A matrix is a 2D array of numbers or table of numbers.

Dimension:

$$m \times n$$

Where:

• $m$ = rows
• $n$ = columns

Element notation:

$$A_{ij}$$

means element in row $i$, column $j$.

Tensor

Algebraic object that describes a multilinear relationship between sets of algebraic objects associated with a vector space.

• Latin: tendere meaning 'to stretch'

A matrix is a transformation of space.

All machine learning models are compositions of transformations.

If:

$$y = Ax$$

Then $A$ transforms vector $x$ into a new vector $y$.

Geometrically, a matrix can:

• Stretch
• Compress
• Rotate
• Reflect
• Shear
• Project

Linear Regression = Projection

When solving linear regression:

$$\hat{\theta} = (X^T X)^{-1} X^T y$$

You are not just solving equations.

You are projecting vector ( y ) onto the column space of ( X ).

Meaning:

• ( X ) defines a subspace (all linear combinations of features)
• ( y ) may not lie in that space
• We find the closest point in that space

This closest point is the orthogonal projection.

The residual error is perpendicular to the feature space.

Mathematically:

$$X^T (y - X\hat{\theta}) = 0$$

Geometric meaning:

The error vector is orthogonal to every feature direction.

Orthogonality = Independence

Orthogonality representing perpendicularity, where elements (vectors, functions, or data) are independent and have a dot product or inner product of zero.

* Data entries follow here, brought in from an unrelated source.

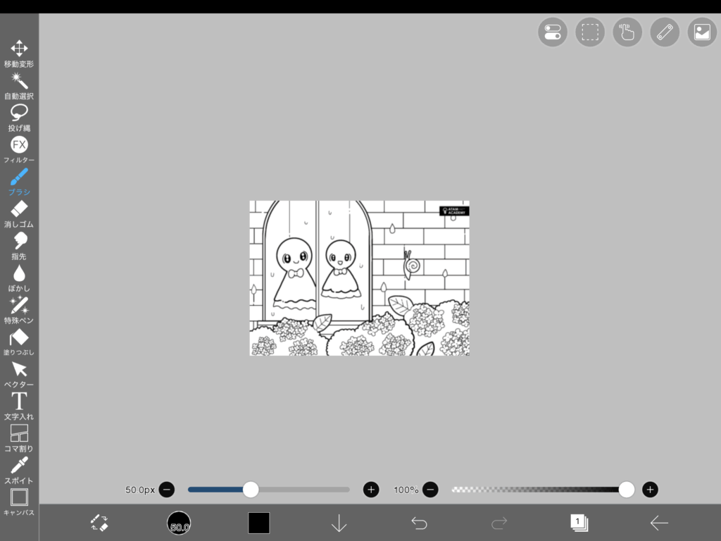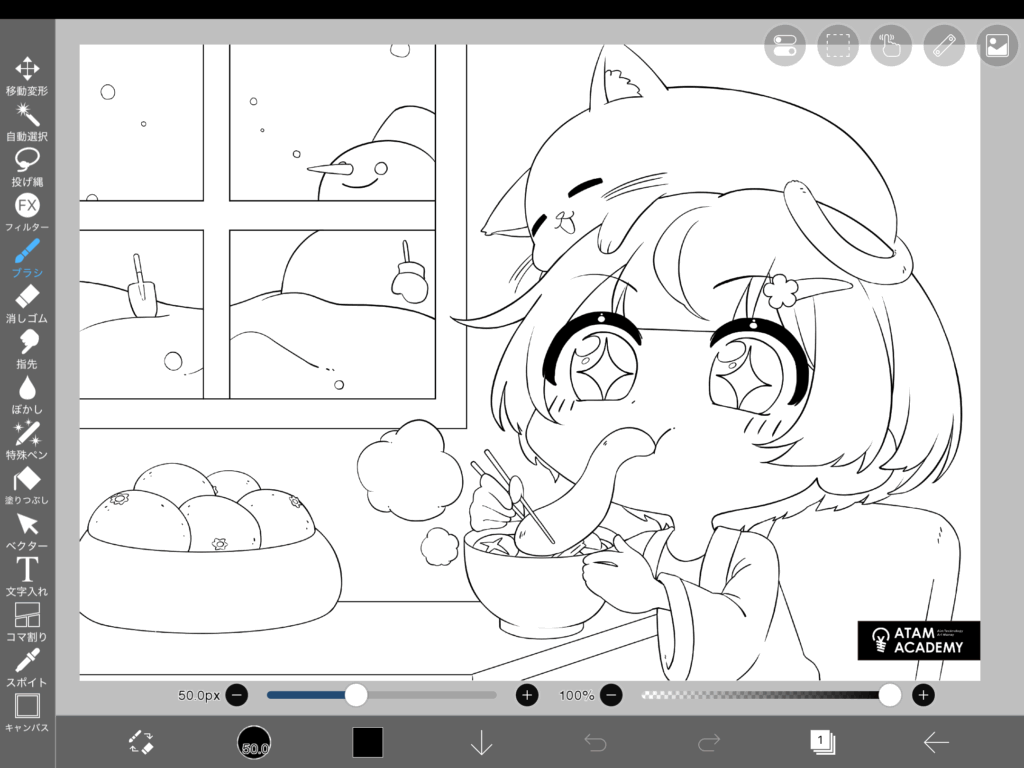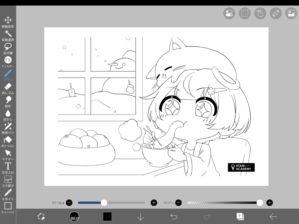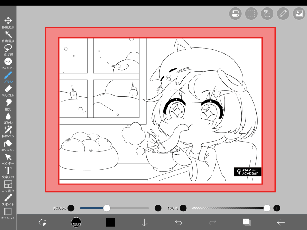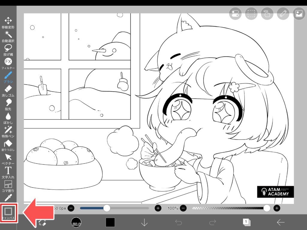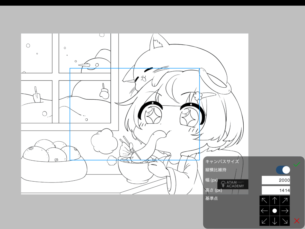 イラストより小さいキャンバスにすると、イラストが切り取られるので、注意してください。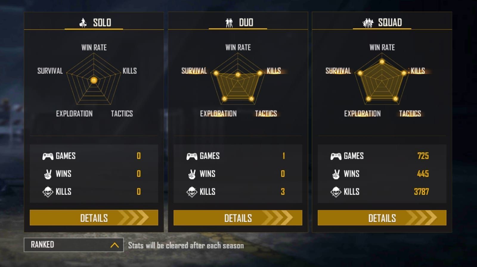 UnGraduate Gamer ने Free Fire रैंक मोड में 725 स्क्वाड मैच खेलकर 445 में जीत हासिल की है। उन्होंने 3787 किल्स किये हैं और उनका K/D रेश्यो 13.55 का है। इस खिलाड़ी ने डुओ मोड में 1मैच खेलकर 3 किल्स किये हैं और उनका K/D रेश्यो 3.00 का है। इस खिलाड़ी के सोलो स्टैट्स शून्य है।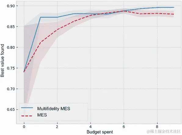 在我们的优化问题上运行多保真度 MES 策略及其单保真度版本,并使用练习 1 中描述的方法绘制每个策略的平均优化进展和误差条。图 A.19 显示了两种策略之间的比较。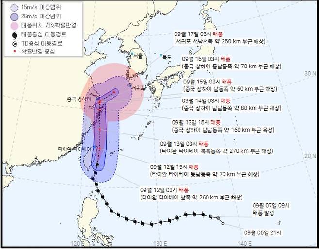 기상청은 브리핑을 통해 "상하이 부근에서는 시속 5㎞ 정도로 매우 느리게 움직이는 정체 상태를 보이다가 15~16일 동쪽으로 움직여 제주도 부근 남해상이나 남해안으로 이동할 것으로 보인다"고 밝혔습니다.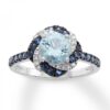 A mesmerizing display of color makes this engagement ring a truly stunning symbol of love. Ribbons of blue sapphires and shimmering round diamonds swirl outward from the aquamarine center, while more blue sapphires decorate the band. The 14K white gold ring has a total diamond weight of 1/15 carat.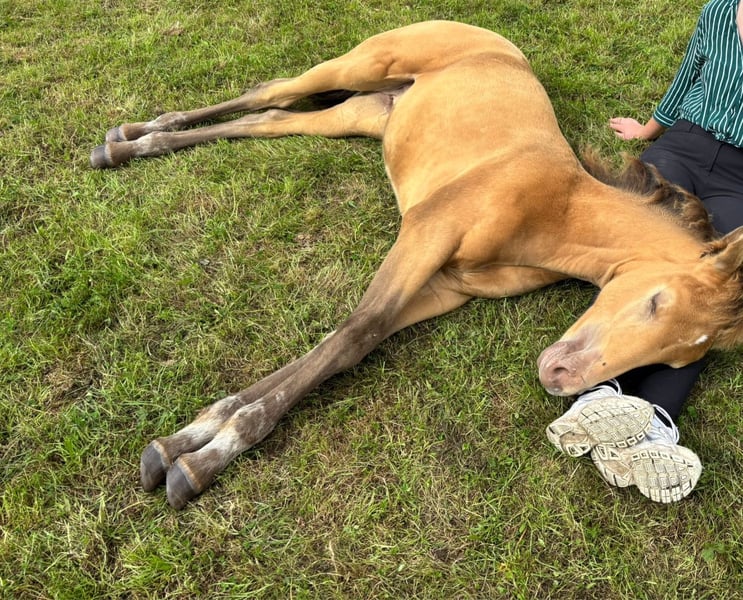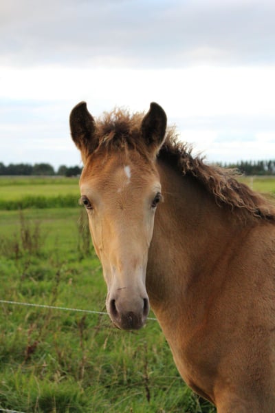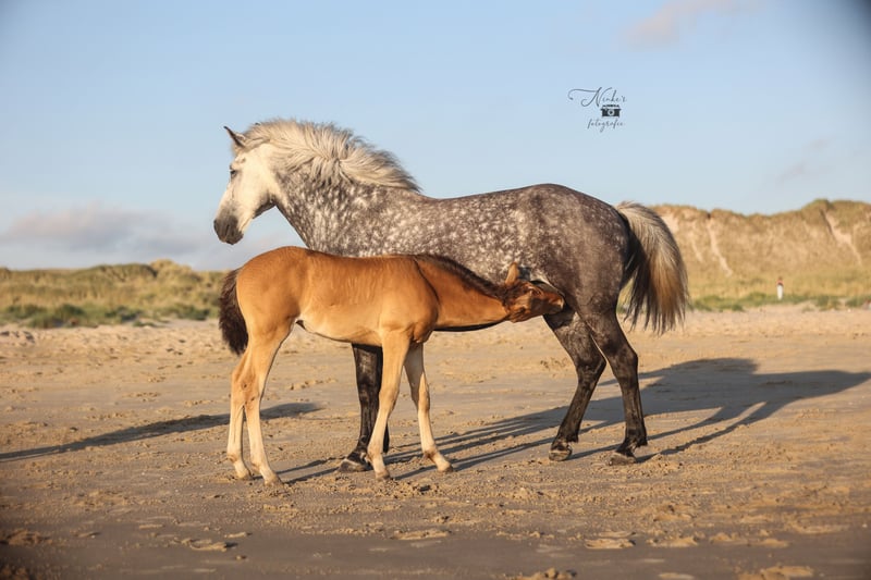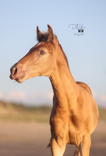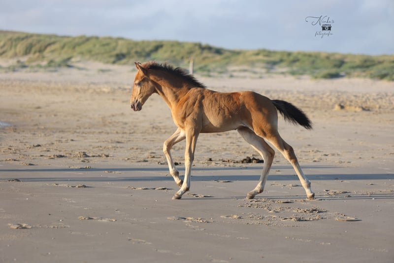 For sale: Beautiful filly Born on 30-05-25 She has a stunning amber champagne color and is expected to grow into a large mare just like her mother. She is being raised alongside her mother in a stable herd of various ages. This provides a nice and social foundation for the future. Pedigree: - Mother: Zep's Pixel van de Woodystables crossbreed Groninger horse x Icelandic – bombproof, strong, friendly, and versatile. Height 1.58 m. - Father: El Perrier van ‘t Pietershof - Perry 43.75% Arabian blood, and on the mother's side comes from a special gaited horse cross (Rocky Mountain x Paso). Height 1.52 m. Recently microchipped and registered with the EASP studbook. Characteristics: Healthy and curious character, very friendly. Beautiful build with strong legs. Unique color for enthusiasts. She is already used to many things such as forest and beach, picking up her feet, grooming, and walks nicely on a lead. Has already been on the trailer a few times with her mother. Possibility to test for DMRT3 (gaited). Location: Schoorl (nh) Price: upon request Feel free to come and meet this special foal. A great opportunity for anyone looking for a striking and sweet companion! Extra option: Currently, she is still staying with her mother, but she can be reserved with a deposit. Please message for more information or to arrange a viewing. Price negotiable, good home important.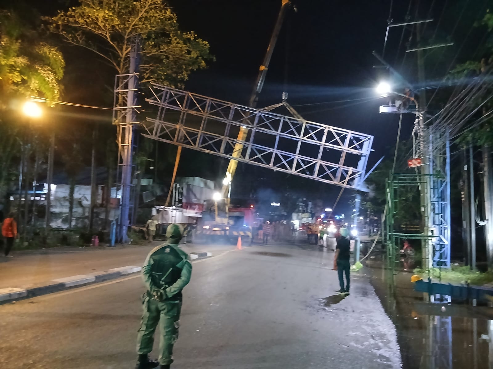 LANGKAR.ID, Banjarmasin – Satuan Polisi Pamong Praja (Satpol PP) Kota Banjarmasin menertibkan sejumlah reklame bando dan billboard yang melanggar aturan pada Jumat (28/11/2025) malam. Total ada 6 objek reklame yang menjadi sasaran penertiban, terdiri dari 4 reklame bando dan 2 reklame billboard.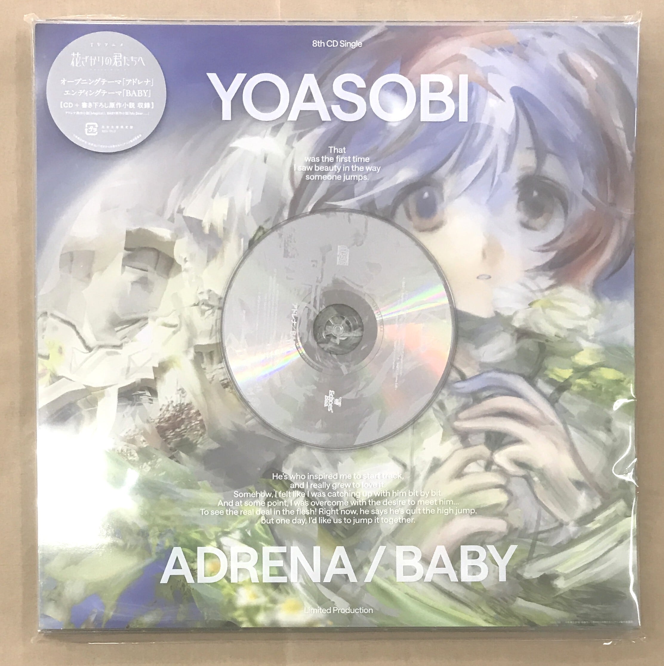 2026年1月より放送開始となる TVアニメ『花ざかりの君たちへ』のオープニングテーマ&エンディングテーマをYOASOBIが担当。そのオープニングテーマ「アドレナ」とエンディングテーマ「BABY」を収録した完全生産限定盤シングル。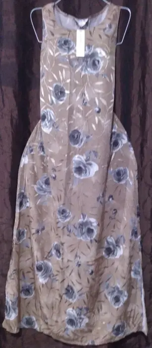 Vestido color café con flores y detalles vistosos en talla M, marca rolling over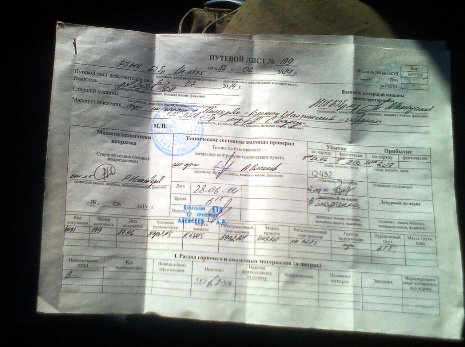 Боец даже выложил фото путевого листа: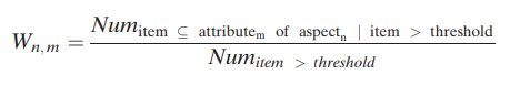 여기서 $NUM_{item}$ $>$ $_{threshold}$ 는 순위 값이 임계값보다 큰 아이템 수 이고, $Num_{item \ \subseteq \ attribute_{m} \ of \ aspect_{n}} $ 는 사용자 프로필 $aspect \ n$ 속의 $attribute \ m$ 속성을 포함하는 항목 수 이고, rating이 임계값보다 큰 항목 수 이다. 본 실험에서는 임계값을 3으로 설정함.
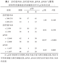 Ⅲ期浸润性乳腺癌患者新辅助治疗后ΔPLR和ΔNLR较高者预后较好。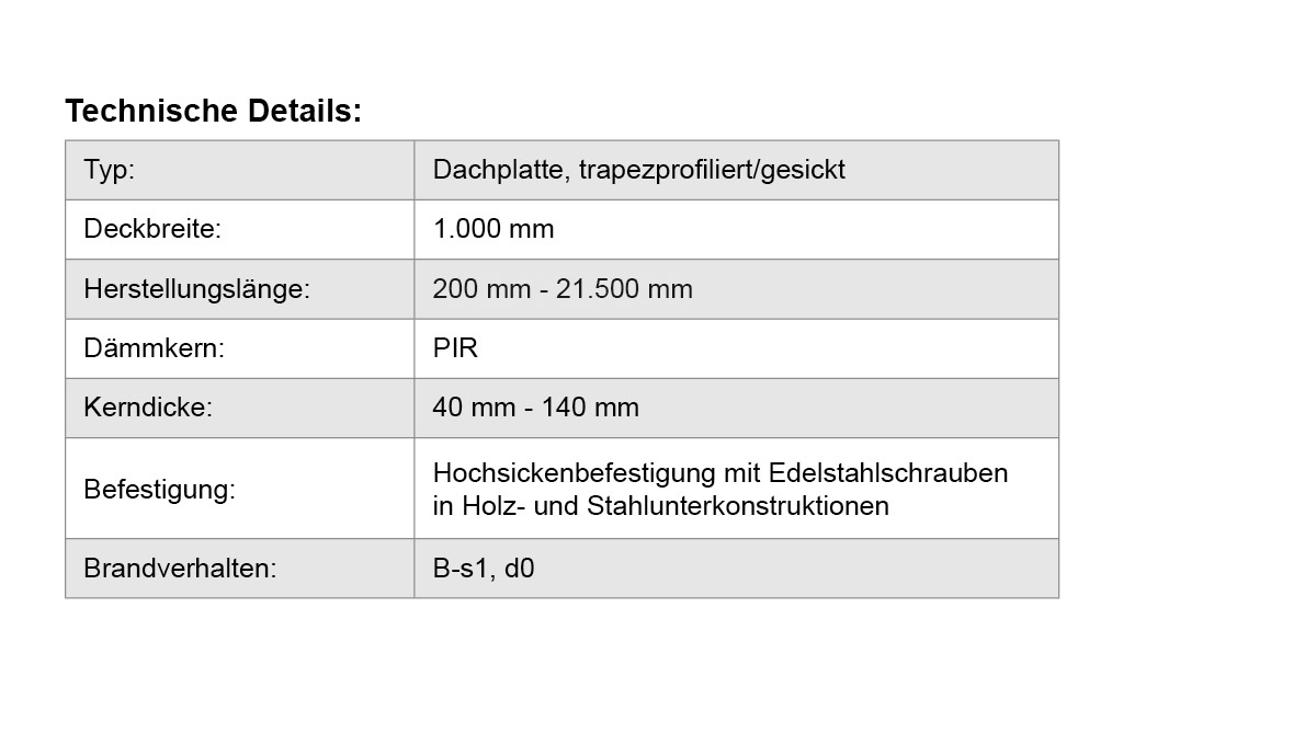 Je nach Materialstärke und Dämmkern, sowie der Standortabhängigen Schneelast können Spannweiten bis zu 6 m erreicht werden. Die Mindestdachneigung für den Einsatz von Sandwich Dachplatten beträgt 5° ohne Ausbildung von Querstößen.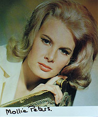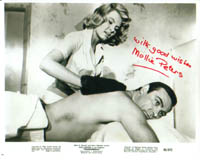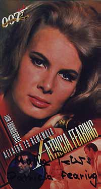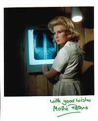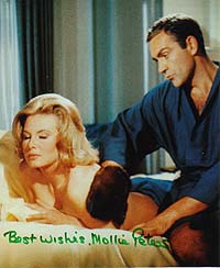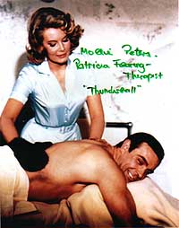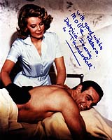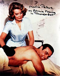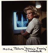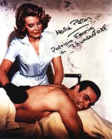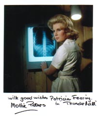 | #2737 Mollie Peters US $ 119.00 8x10 color shot as PATRICIA FEARING-THE THERAPIST IN THUNDERBALL. Incredible rare autograph on a wonderful color shot. SHE ALSO SIGNED WITH HER CHARACTER NAME "PATRICIA FEARING". Obtained directly in April 2000 from her home! A scorcher!!!! |
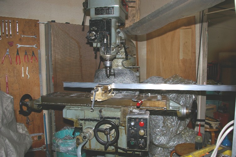 何か長いアルミのアングルをフライスにセットし、始まり始まり。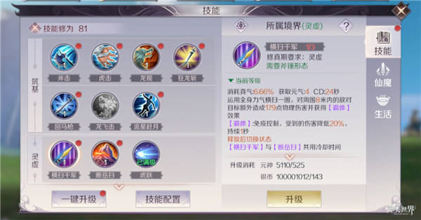 当我们到达灵虚境界后,就可以进行枪斧攻击模式之间的切换了。那我们就先来介绍下用于武器切换的两个技能,首先是横扫千军技能,根据名字就可以知道这个技能有着不俗的aoe伤害,更重要的是释放这个技能之后我们能够获得霸体效果,在1秒的时间里能免受控制同时减伤20%。因为武侠属于近距离输出职业,这个技能能够在关键时刻让我们免受boss控制。另外一个技能为断岳扫,效果与横扫千军基本相同,区别是前一个技能是将斧形态切成枪形态,后者正好相反。前面我们说到了武侠属于近身职业,但是他自身又没有妖兽那么能抗,因此,我们就更要注重位移技能的使用时机,比如虎跃技能。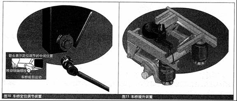 纽威车桥提升装置安装在车架之下的中间位置,节省空间(见图11),它通过一个附加的有钢索的支承架与横梁相连。

Two vectors are orthogonal if:

$$v^T w = 0$$

Or their dot product is zero. ie they form a 90 angle or are perpendicular.

$$v.w =0$$

In ML, orthogonality means:

• No linear dependence
• No shared directional information

This is why:

• PCA finds orthogonal principal components
• QR decomposition builds orthogonal bases
• SVD decomposes into orthogonal directions

Orthogonality reduces redundancy.

Eigenvectors

Non-zero vectors associated with a linear transformation (represented by a square matrix) that do not change their direction when that transformation is applied.

Instead, they are only

• scaled—stretched
• compressed
• reversed

by a scalar factor known as the eigenvalue $\lambda$

If:

Av = $\lambda$ v

That means:

• Applying transformation $A$
• Does not change the direction of $v$
• Only scales it by $\lambda$

Eigenvectors are:

• Directions that remain stable under transformation.
• Natural Directions of a Transformation

In ML:

• PCA uses eigenvectors of the covariance matrix
• These represent directions of maximum variance
• Each eigenvector = principal axis of data

Eigenvalues tell you how important that direction is.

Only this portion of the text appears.